*Data provided*.
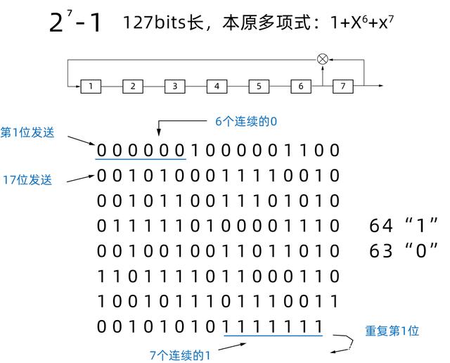 在圖中可以看到,PRBS7最長是127bit(27-1), 理論上來說,7bit的2進制碼,一共會有27個不同組合。但是如果碼流全部為‘0’的時候,經(jīng)過異或運算,輸入到寄存器第一位的值還是0, 這樣移位寄存器將會一直輸出為零,移位寄存器被死鎖。所以PRBS碼流不能全部為零。另外,PRBS7 碼流中最長的連續(xù)‘1’個數(shù)為7個,最長的連續(xù)‘0’個數(shù)為6個。127bit的連續(xù)碼流中,一共有64個‘1’,63個‘0’。
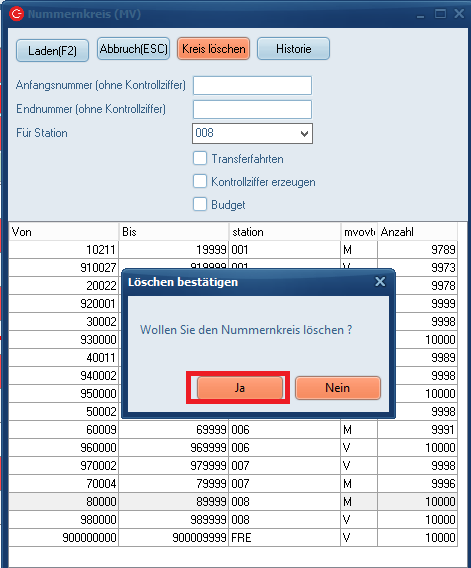 Da in unserem Fall die Station 008 bereits ein eigener Nummernkreis im C-Rent angelegt war wird dieser im Anschluss gelöscht.
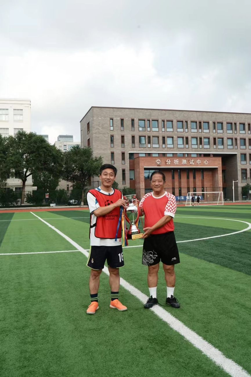 刘建军书记与钱晓龙教授为两支球队颁发纪念奖杯。无论场上战况如何,大家同属东大校友,两支来自东北大学的球队共襄盛举,用汗水与激情谱写着东大荣誉!
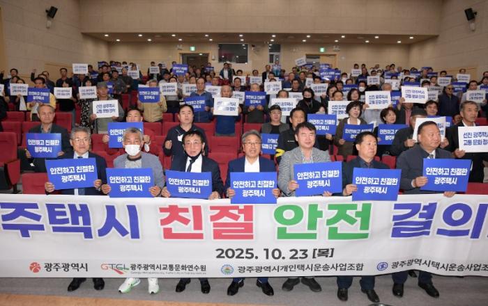 광주광역시(시장 강기정)는 23일 광주교통문화연수원에서 ‘택시운수종사자 친절·안전 결의대회’를 열고 신뢰받는 택시 서비스 구현을 위한 실천 의지를 다졌다.이번 결의대회는 최근 택시요금 인상에 따른 시민 공감대 확산과 함께 택시업계의 서비스 품질 제고를 통해 시민이 안심

*Exercise directions*.
Without any pictures, reproduce the lines from the first one in the material through the line that has "刘建军书记与钱晓龙教授为两支", exactly as they appear.

*Exercise solution*.
 在圖中可以看到,PRBS7最長是127bit(27-1), 理論上來說,7bit的2進制碼,一共會有27個不同組合。但是如果碼流全部為‘0’的時候,經(jīng)過異或運算,輸入到寄存器第一位的值還是0, 這樣移位寄存器將會一直輸出為零,移位寄存器被死鎖。所以PRBS碼流不能全部為零。另外,PRBS7 碼流中最長的連續(xù)‘1’個數(shù)為7個,最長的連續(xù)‘0’個數(shù)為6個。127bit的連續(xù)碼流中,一共有64個‘1’,63個‘0’。
 Da in unserem Fall die Station 008 bereits ein eigener Nummernkreis im C-Rent angelegt war wird dieser im Anschluss gelöscht.
 刘建军书记与钱晓龙教授为两支球队颁发纪念奖杯。无论场上战况如何,大家同属东大校友,两支来自东北大学的球队共襄盛举,用汗水与激情谱写着东大荣誉!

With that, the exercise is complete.